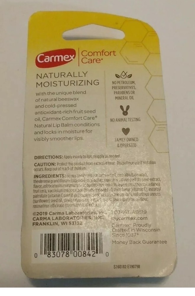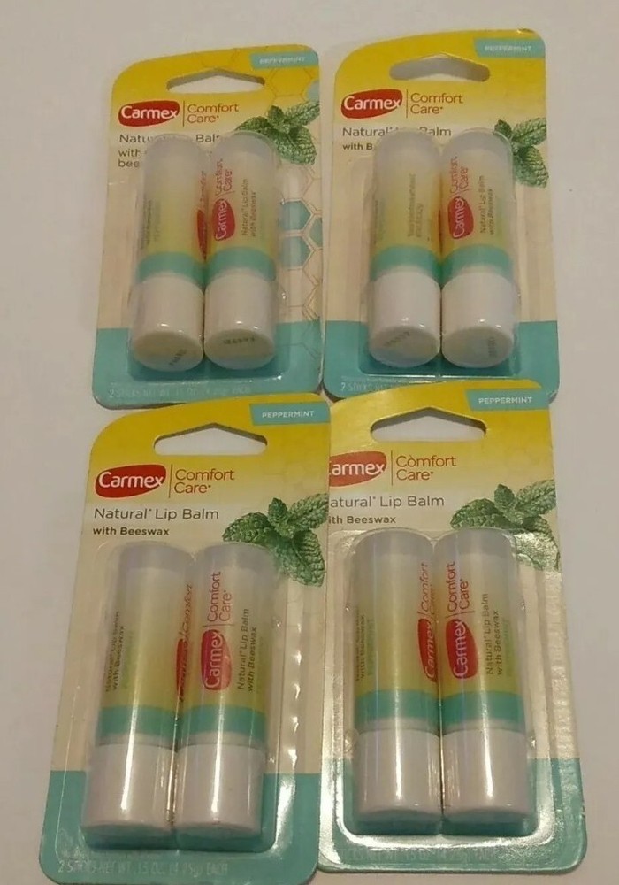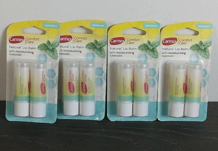 4 Packs Carmex Comfort Care Lip Balm Beeswax Peppermint 0.15 Oz. Each.
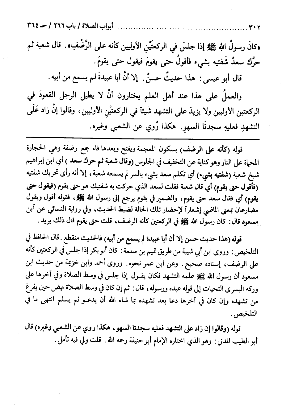 قَوْلُهُ (كَأَنَّهُ عَلَى الرَّضْفِ) بِسُكُونِ الْمُعْجَمَةِ وَبِفَتْحٍ وَبَعْدَهَا فَاءٌ جَمْعُ رَضْفَةٍ وَهِيَ الْحِجَارَةُ الْمُحْمَاةُ عَلَى النَّارِ وَهُوَ كِنَايَةٌ عَنِ التَّخْفِيفِ فِي الْجُلُوسِ وَقَالَ شُعْبَةُ ثُمَّ حَرَّكَ سَعْدٌ أَيِ بن إِبْرَاهِيمَ شَيْخُ شُعْبَةَ (شَفَتَيْهِ بِشَيْءٍ) أَيْ تَكَلَّمَ سَعْدٌ بِشَيْءٍ بِالسِّرِّ لَمْ يَسْمَعْهُ شُعْبَةُ إِلَّا أَنَّهُ رَأَى تَحْرِيكَ شَفَتَيْهِ (فَأَقُولُ حَتَّى يَقُومَ) أَيْ قَالَ شُعْبَةُ فَقُلْتُ لِسَعْدٍ الَّذِي حَرَّكْتَ بِهِ شَفَتَيْهِ هُوَ مَتَى يَقُومُ (فَيَقُولُ حَتَّى يَقُومَ) أَيْ فَقَالَ سَعْدٌ حَتَّى يَقُومَ وَالضَّمِيرُ فِي يَقُومُ يَرْجِعُ إِلَى رَسُولِ اللَّهِ صَلَّى اللَّهُ عَلَيْهِ وَسَلَّمَ فقوله أقول وَيَقُولُ مُضَارِعَانِ بِمَعْنَى الْمَاضِي إِشْعَارًا لِإِحْضَارِ تِلْكَ الْحَالَةِ لِضَبْطِ الْحَدِيثِ وَفِي رِوَايَةِ النَّسَائِيِّ عَنِ بْنِ مَسْعُودٍ قَالَ كَانَ رَسُولُ اللَّهِ صَلَّى اللَّهُ عَلَيْهِ وَسَلَّمَ فِي الرَّكْعَتَيْنِ كَأَنَّهُ عَلَى الرَّضْفِ قُلْتُ حَتَّى يَقُومَ قَالَ ذَلِكَ يُرِيدُ
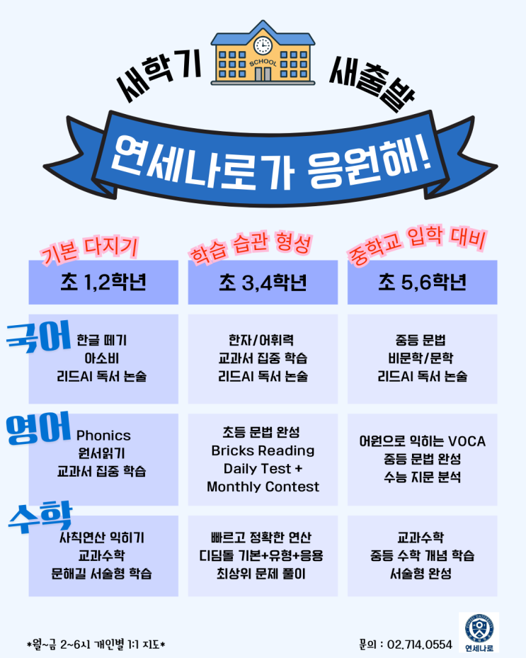 안녕하세요? 진심을 다하는 연세나로학원입니다. 2026년 3월, 새 학기를 새 마음으로 활기차게 시작해 보려 합니다. 초등학생의 경우, 영수를 매일 공부하면서 국어 수업을 주1~2회 추가하는 것을 추천해 드립니다. 이 시기에는 더 많이, 더 오래 공부하는 것보다 꾸준히 성실히 공부하는 습관 이 중요하기 때문입니다. 중학생은 한 번 학원을 오면 2~3시간 수업을 진행하므로 월수금에는 수학, 화목토에는 영어로 나누어 긴 시간 집중하는 연습하는 방식을 추천해 드립니다. 고등학생은 오히려 매일 학원을 가기 보다는 자신에게 부족한 부분을 집중해서 수업해야 하기에 매일 학원 가는 방식의 수업은 중학교까지 마치면 좋을 것 같습니다. 고....... <img src="https://blogthumb.pstatic.net/MjAyNjAyMTlfMjQ5/MDAxNzcxNDc4MjQ2OTcz.xg89UQLtSuz10sbIroMRxW7rHGUAV_gUacJkL5QxwXYg.KwkP8vBQZVwfweF9Wi0t-wtl8-gvNa5OXlDEN8tWbs0g.PNG/KakaoTalk_20260207_164357495.png?type=s3" />
_ _ _
EXERCISE REQUIREMENTS: Output each line exactly as shown above; no pictures go in the copy.

ANSWER TO THIS PROBLEM:
 4 Packs Carmex Comfort Care Lip Balm Beeswax Peppermint 0.15 Oz. Each.
 قَوْلُهُ (كَأَنَّهُ عَلَى الرَّضْفِ) بِسُكُونِ الْمُعْجَمَةِ وَبِفَتْحٍ وَبَعْدَهَا فَاءٌ جَمْعُ رَضْفَةٍ وَهِيَ الْحِجَارَةُ الْمُحْمَاةُ عَلَى النَّارِ وَهُوَ كِنَايَةٌ عَنِ التَّخْفِيفِ فِي الْجُلُوسِ وَقَالَ شُعْبَةُ ثُمَّ حَرَّكَ سَعْدٌ أَيِ بن إِبْرَاهِيمَ شَيْخُ شُعْبَةَ (شَفَتَيْهِ بِشَيْءٍ) أَيْ تَكَلَّمَ سَعْدٌ بِشَيْءٍ بِالسِّرِّ لَمْ يَسْمَعْهُ شُعْبَةُ إِلَّا أَنَّهُ رَأَى تَحْرِيكَ شَفَتَيْهِ (فَأَقُولُ حَتَّى يَقُومَ) أَيْ قَالَ شُعْبَةُ فَقُلْتُ لِسَعْدٍ الَّذِي حَرَّكْتَ بِهِ شَفَتَيْهِ هُوَ مَتَى يَقُومُ (فَيَقُولُ حَتَّى يَقُومَ) أَيْ فَقَالَ سَعْدٌ حَتَّى يَقُومَ وَالضَّمِيرُ فِي يَقُومُ يَرْجِعُ إِلَى رَسُولِ اللَّهِ صَلَّى اللَّهُ عَلَيْهِ وَسَلَّمَ فقوله أقول وَيَقُولُ مُضَارِعَانِ بِمَعْنَى الْمَاضِي إِشْعَارًا لِإِحْضَارِ تِلْكَ الْحَالَةِ لِضَبْطِ الْحَدِيثِ وَفِي رِوَايَةِ النَّسَائِيِّ عَنِ بْنِ مَسْعُودٍ قَالَ كَانَ رَسُولُ اللَّهِ صَلَّى اللَّهُ عَلَيْهِ وَسَلَّمَ فِي الرَّكْعَتَيْنِ كَأَنَّهُ عَلَى الرَّضْفِ قُلْتُ حَتَّى يَقُومَ قَالَ ذَلِكَ يُرِيدُ
 안녕하세요? 진심을 다하는 연세나로학원입니다. 2026년 3월, 새 학기를 새 마음으로 활기차게 시작해 보려 합니다. 초등학생의 경우, 영수를 매일 공부하면서 국어 수업을 주1~2회 추가하는 것을 추천해 드립니다. 이 시기에는 더 많이, 더 오래 공부하는 것보다 꾸준히 성실히 공부하는 습관 이 중요하기 때문입니다. 중학생은 한 번 학원을 오면 2~3시간 수업을 진행하므로 월수금에는 수학, 화목토에는 영어로 나누어 긴 시간 집중하는 연습하는 방식을 추천해 드립니다. 고등학생은 오히려 매일 학원을 가기 보다는 자신에게 부족한 부분을 집중해서 수업해야 하기에 매일 학원 가는 방식의 수업은 중학교까지 마치면 좋을 것 같습니다. 고....... <img src="https://blogthumb.pstatic.net/MjAyNjAyMTlfMjQ5/MDAxNzcxNDc4MjQ2OTcz.xg89UQLtSuz10sbIroMRxW7rHGUAV_gUacJkL5QxwXYg.KwkP8vBQZVwfweF9Wi0t-wtl8-gvNa5OXlDEN8tWbs0g.PNG/KakaoTalk_20260207_164357495.png?type=s3" />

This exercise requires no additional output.